Introduction to Red Teaming | Confident AI Docs

Overview

Red Teaming on Confident AI is an adversarial testing platform for AI safety and security, and can be done in two ways:

No-code directly in the platform UI, best for security teams, PMs, and compliance officers, or,
Code-driven using the deepteam framework, best for engineers and AI red teamers.

The no-code workflow is the more comprehensive option — it leverages the platform’s framework builder to produce CVSS scores and full risk profiles. The code-driven workflow uses deepteam to orchestrate red teaming runs programmatically.

Red Teaming integrates seamlessly with your existing LLM evaluation and tracing workflows on Confident AI.

Key capabilities

Everything you need to operationalize AI red teaming:

Custom Frameworks

Ships with OWASP Top 10 for LLMs, NIST AI RMF, and more out of the box — or build your own with the framework builder.

CVSS Scoring

Get standardized vulnerability severity scoring for every risk assessment you run.

Compliance Reporting

Generate reports aligned to regulatory frameworks like EU AI Act, NIST, and OWASP Top 10 for LLMs.

CI/CD Integration

Integrate security testing into your deployment pipelines for continuous assessment.

Choose your workflow

Run risk assessments in the UI without any code or use deepteam programmatically:

No-Code Assessments

Full risk assessments with CVSS scoring
Custom framework builder for comprehensive coverage

Suitable for: Security teams, PMs, compliance officers

Red Team Using DeepTeam

Programmatic red teaming orchestration via deepteam
Custom vulnerability and attack development
Does not support cloud frameworks or CVSS scoring

Suitable for: Engineers, automated testing

Not sure which to pick?

Start with no-code — it gives you the most comprehensive assessment out of the box, including CVSS scores and the framework builder. Use code-driven when you need to orchestrate red teaming in CI/CD or develop custom attacks. Results from both workflows appear in the same dashboards.

What you can red team

Test your AI systems across all major vulnerability categories:

Prompt Injection & Jailbreaks

Probe for prompt manipulation, model exploitation, and adversarial bypass techniques across 50+ attack patterns.

Bias & Fairness

Assess outputs for bias across protected characteristics and demographic groups.

Content Safety

Evaluate for harmful, toxic, or inappropriate outputs including PII leakage and misinformation.

Learn the fundamentals

New to AI red teaming? These concepts will help you get the most out of your setup:

What is LLM red teaming? - Step by step guide to red teaming LLMs
Risk Profile — understand your AI system’s attack surface and top vulnerabilities
Frameworks & Policies — learn how to use AI safety frameworks managed on Confident AI
No-Code Quickstart — run your first risk assessment in the platform UI

How is AI Red Teaming different from traditional security testing?

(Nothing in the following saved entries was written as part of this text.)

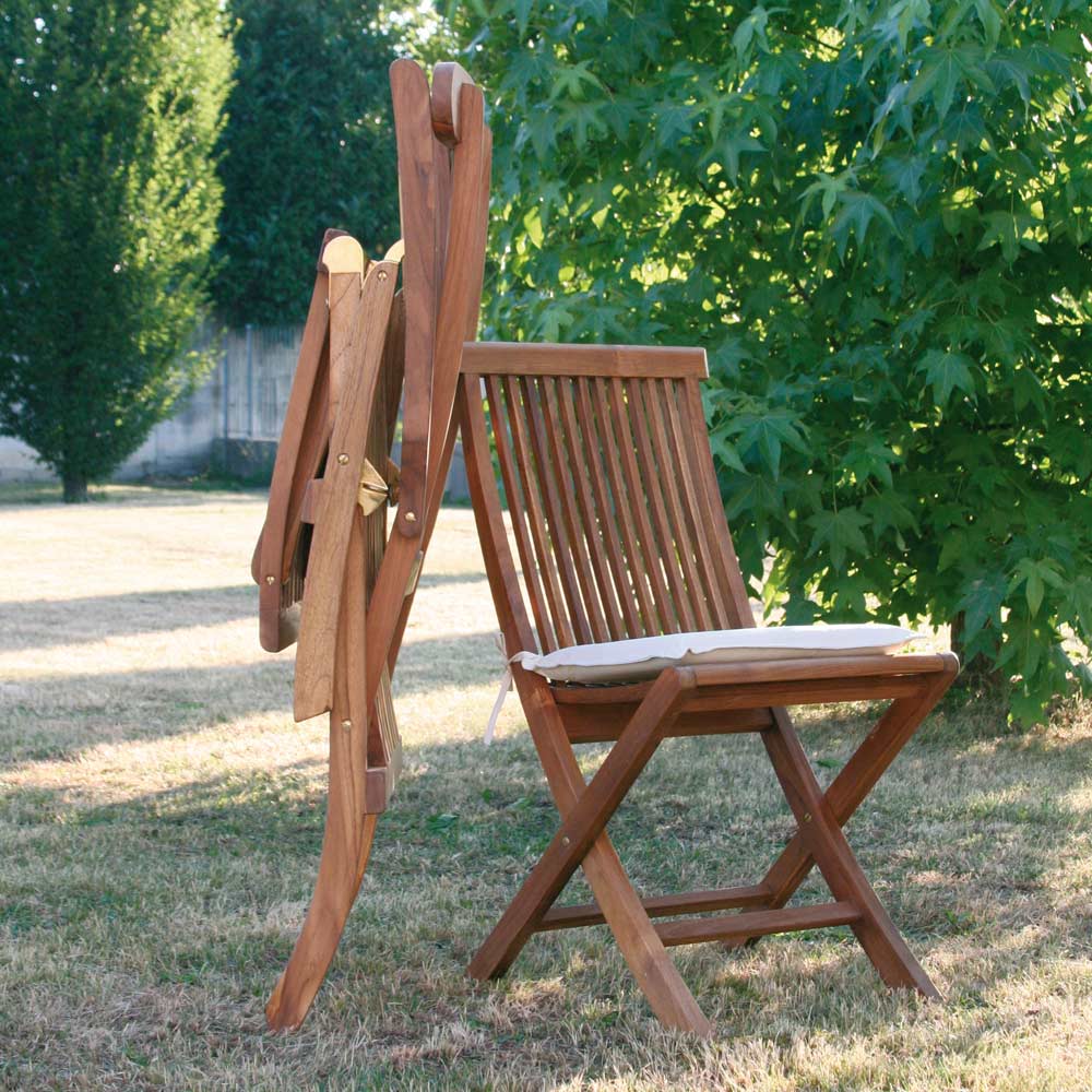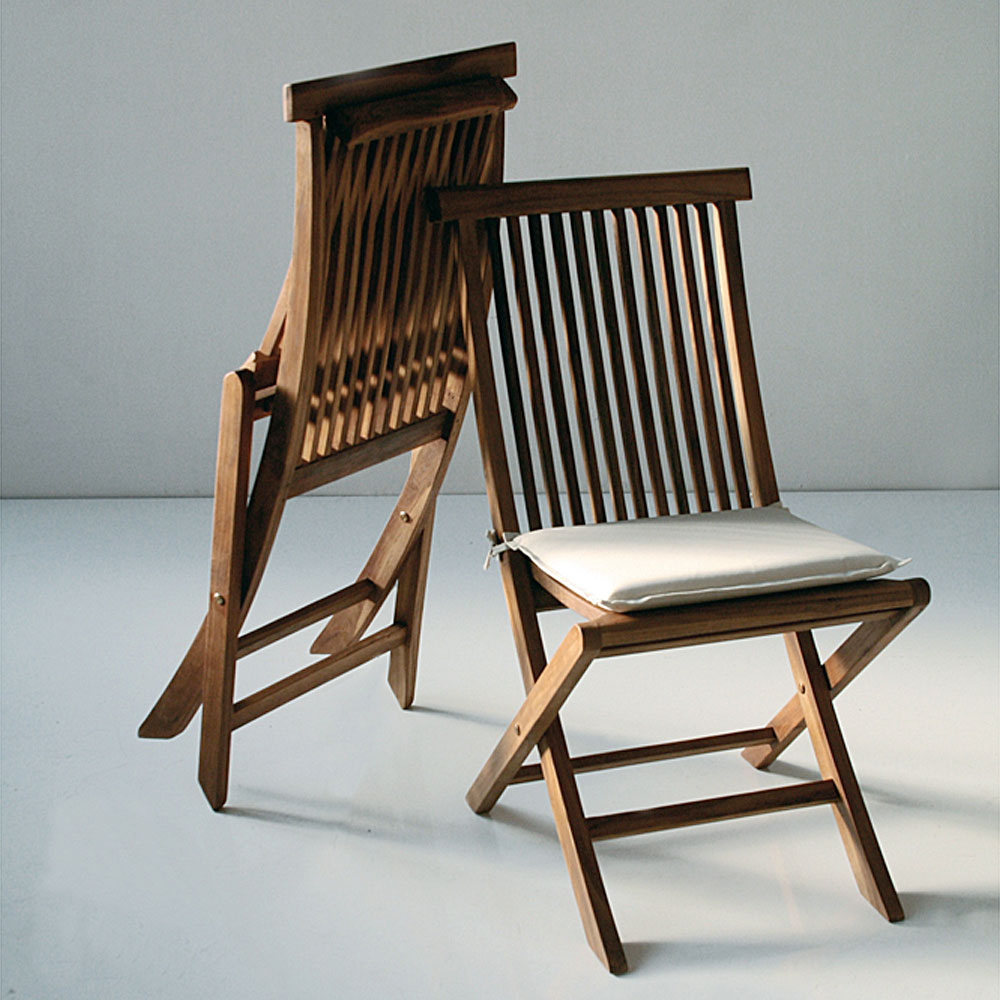 . Klappstühle für den Außenbereich, mit wasserabweisendem Cremekissen.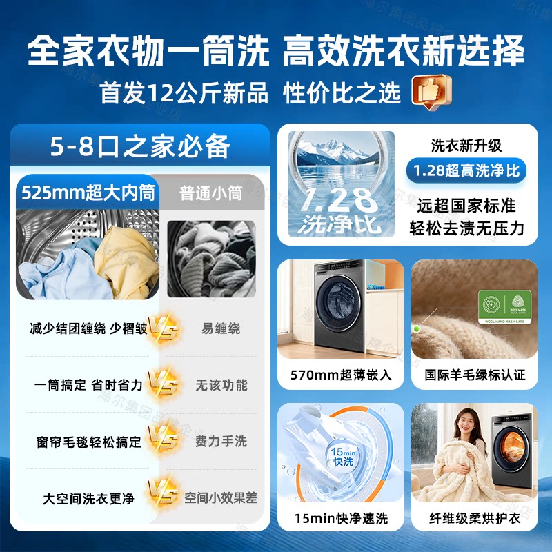 海尔滚筒洗衣机大容量13/12公斤超薄家用全自动洗烘一体58E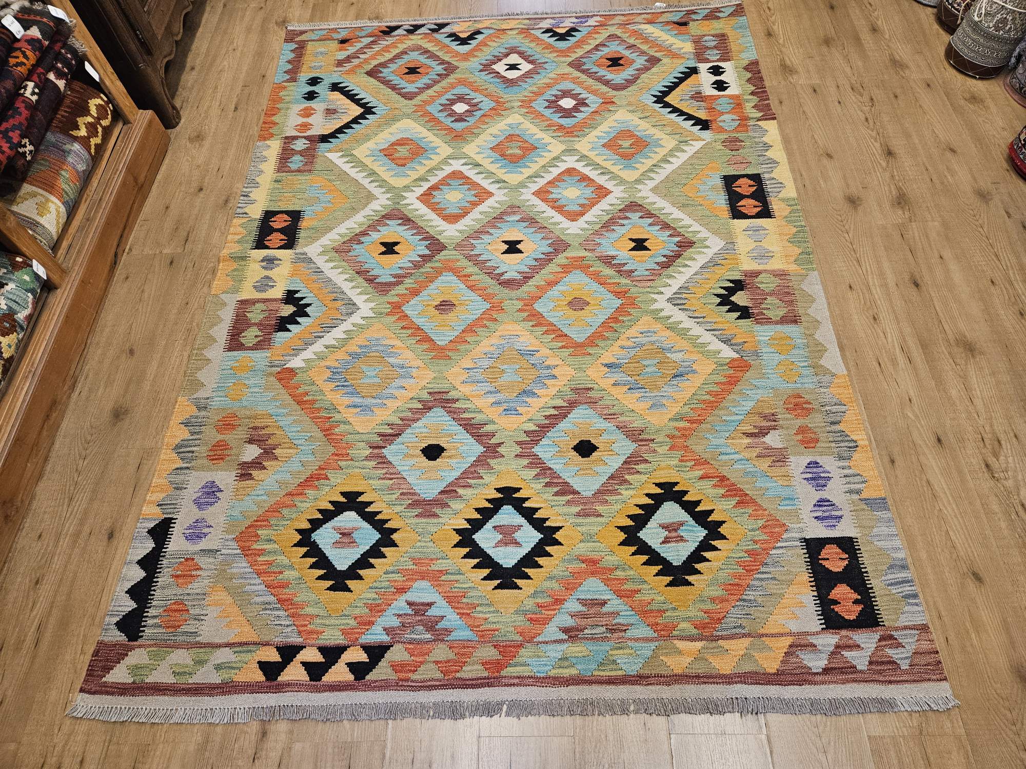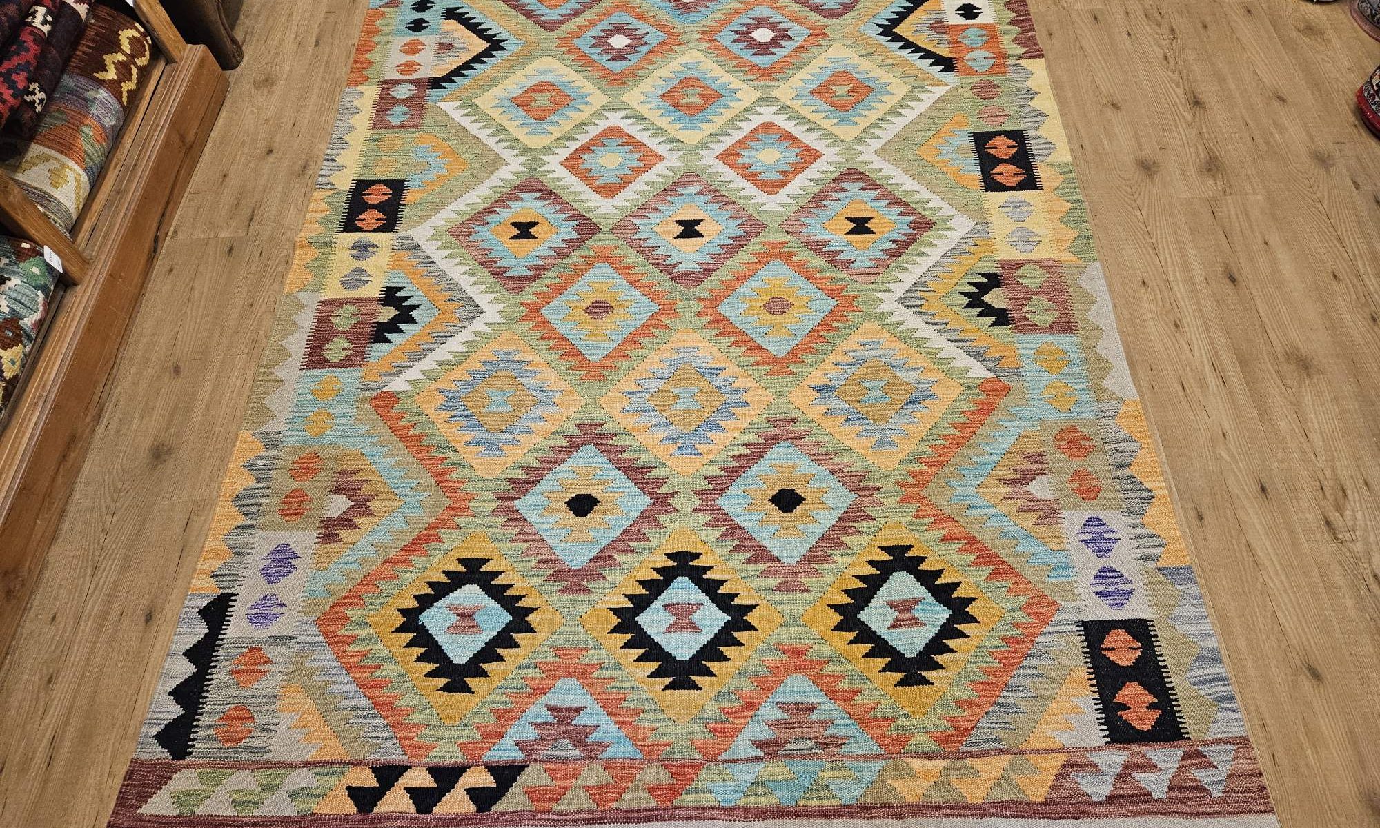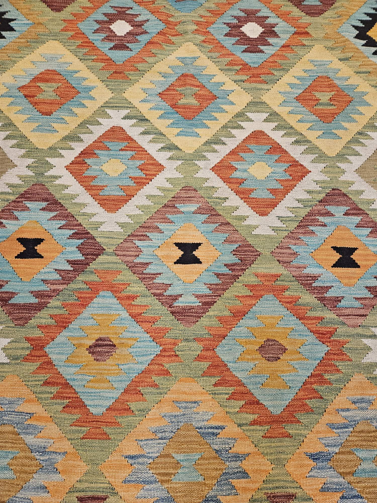 Het kleed is prachtig van kleur en heeft mooie geometrische patronen
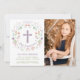 This modern and trendy First Holy Communion photo invitation card features an illustrated wreath of flowers encircling a cross with the words "first communion" in an elegant script font. The right side of the invite features a photo area. The text and photo can be customised to your liking.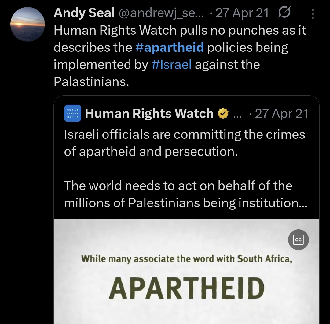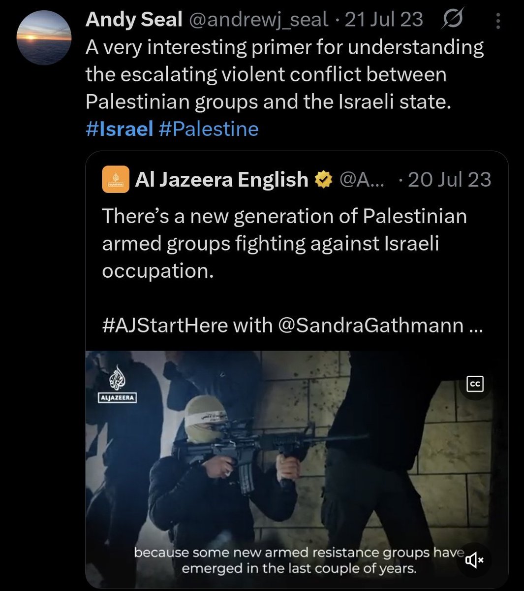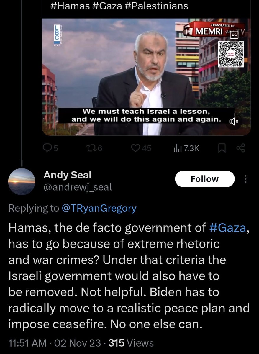 And finally, in response to a video of Hamas official Ghazi Hamad vowing to commit October 7th's again and again, Andrew responded that Hamas shouldn't have to be forced from power because Israel's also bad 🤷♂️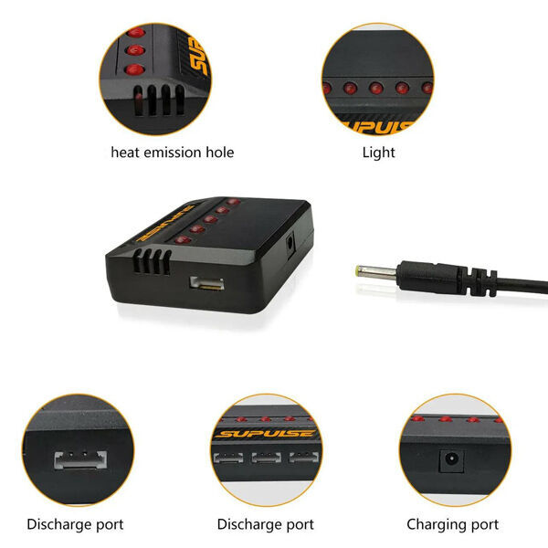 The Volantex Supulse 5 in 1 USB 1S 3.7V Micro 5-Port LiPo Charger offers a simple way to keep multiple 1S packs ready to go. Designed for 3.7V 1S LiPo batteries, its five port layout allows you to charge several batteries at the same time, helping to streamline your charging routine.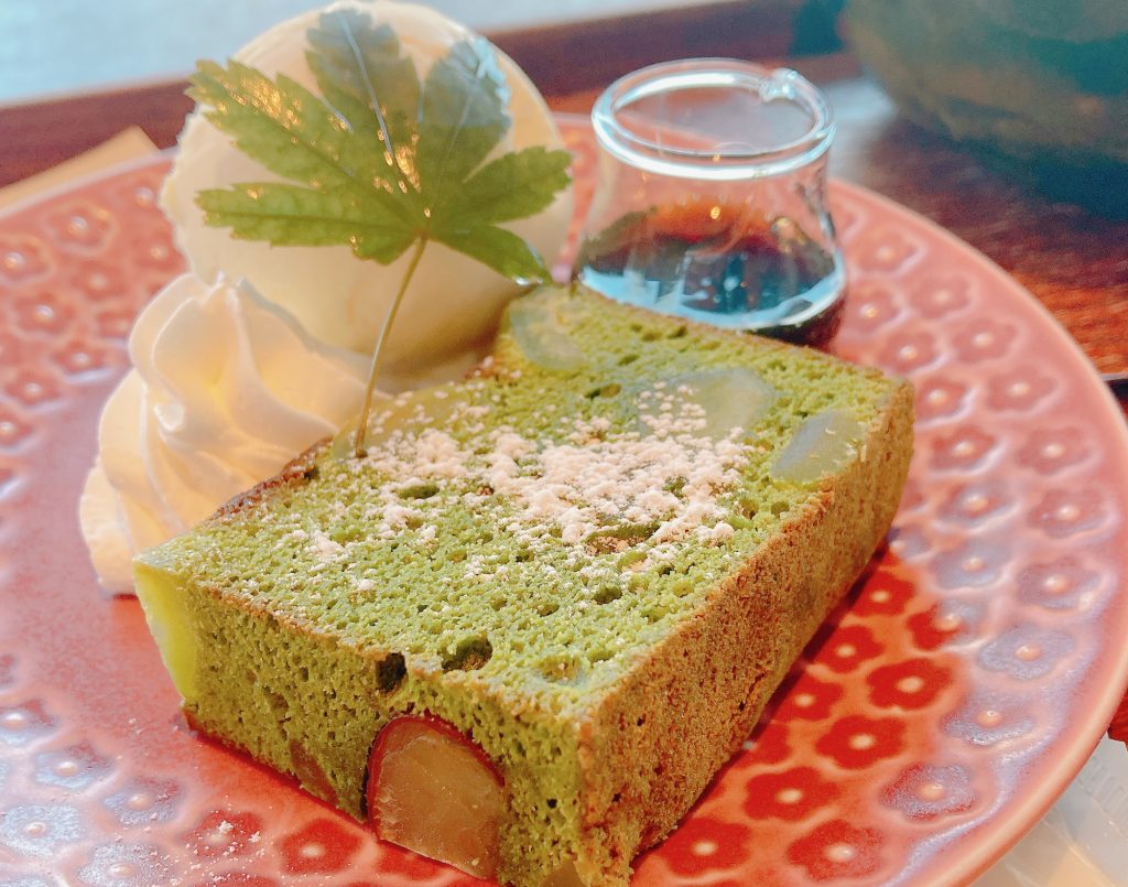 抹茶生地のパウンドケーキに栗を組み合わせたメニュー。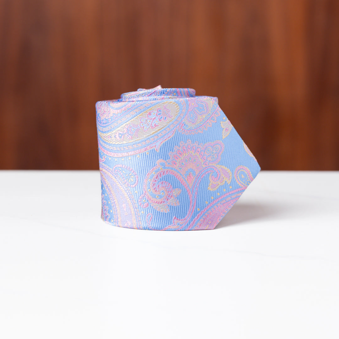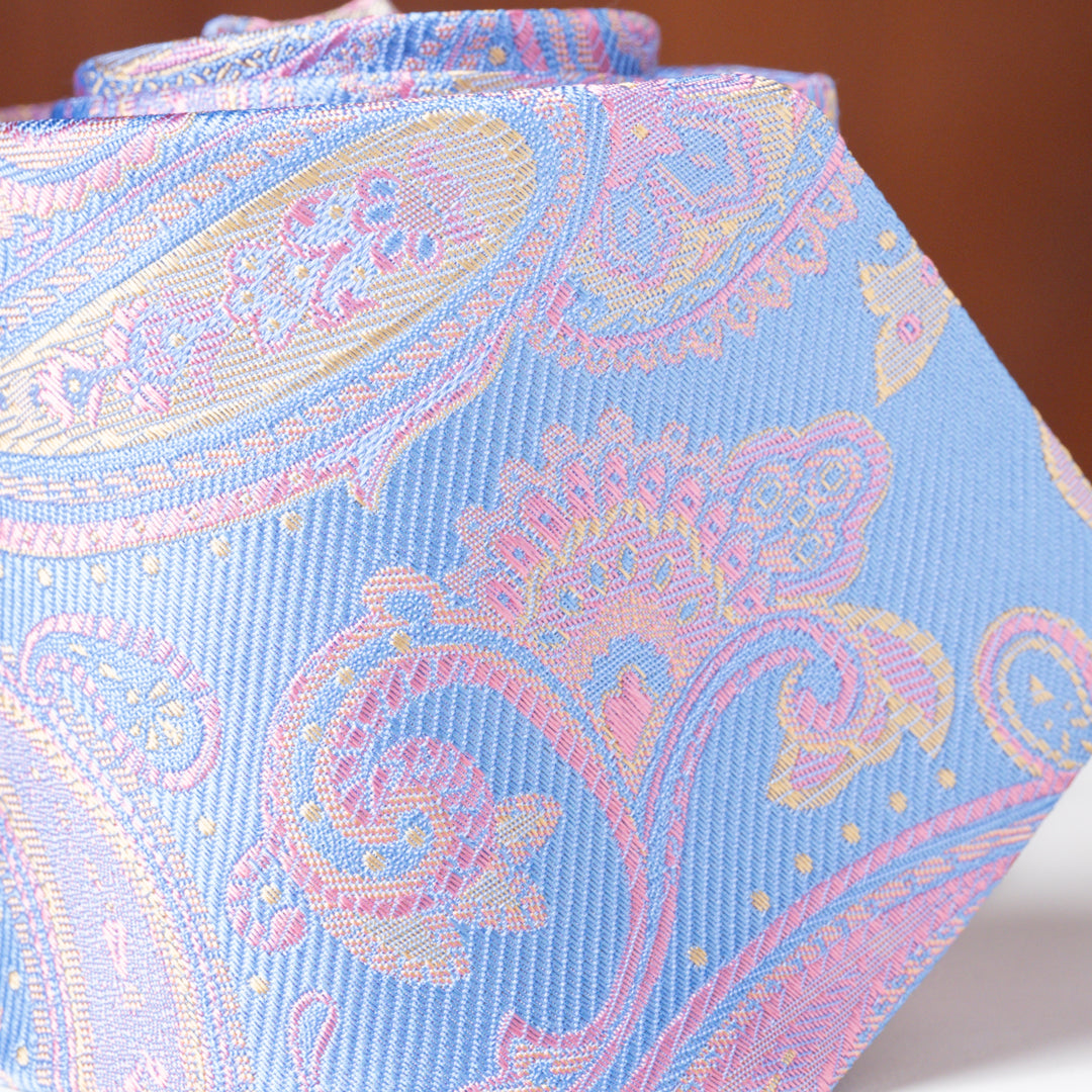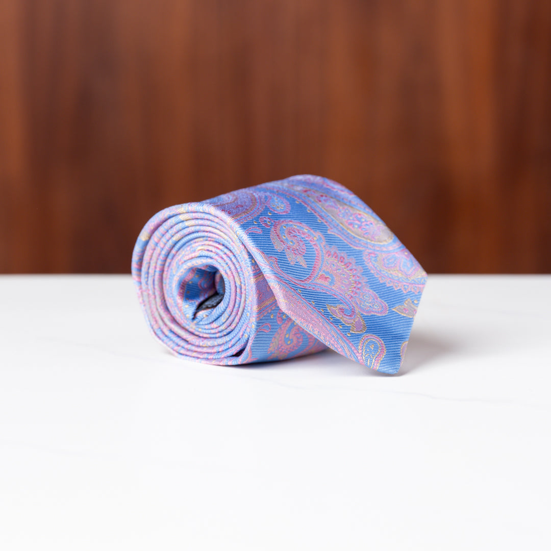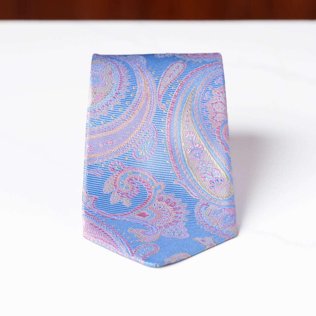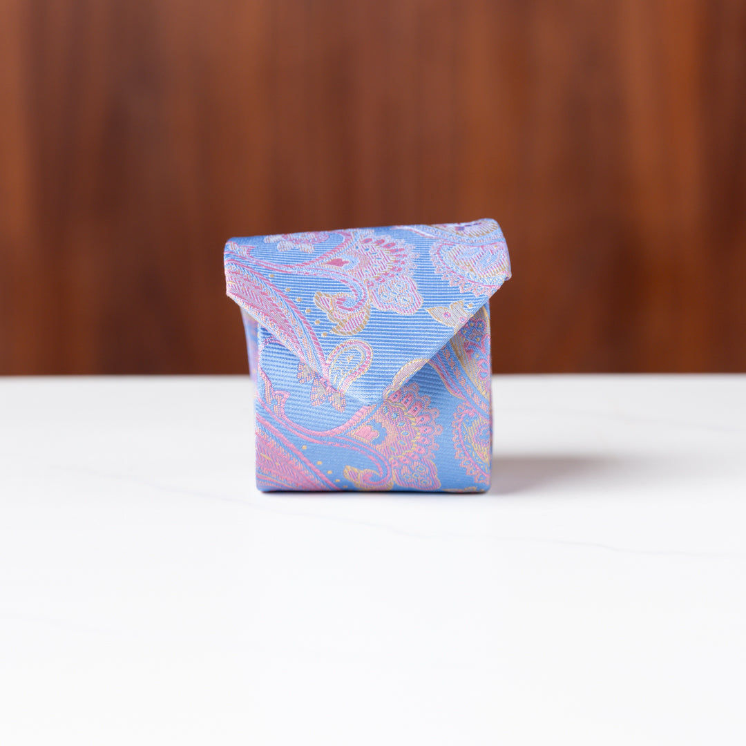 -Silk: Sky blue with light pink and gold buta house paisley; woven in England, in a small batch, exclusively for Wildwood & Company.

AI Red Teaming targets vulnerabilities specific to AI systems — prompt injection, model poisoning, adversarial examples — rather than infrastructure or application-level security. See our frameworks guide for more detail.

What types of AI systems can be red teamed?

All types — conversational AI, RAG systems, multi-agent workflows, fine-tuned models, and AI-powered APIs. Each system type has tailored attack scenarios and evaluation criteria.

Do I need security expertise to use Red Teaming?

No. The platform provides automated risk assessments, pre-built attack scenarios, and step-by-step remediation guidance. Security expertise helps with advanced features, but isn’t required to get started.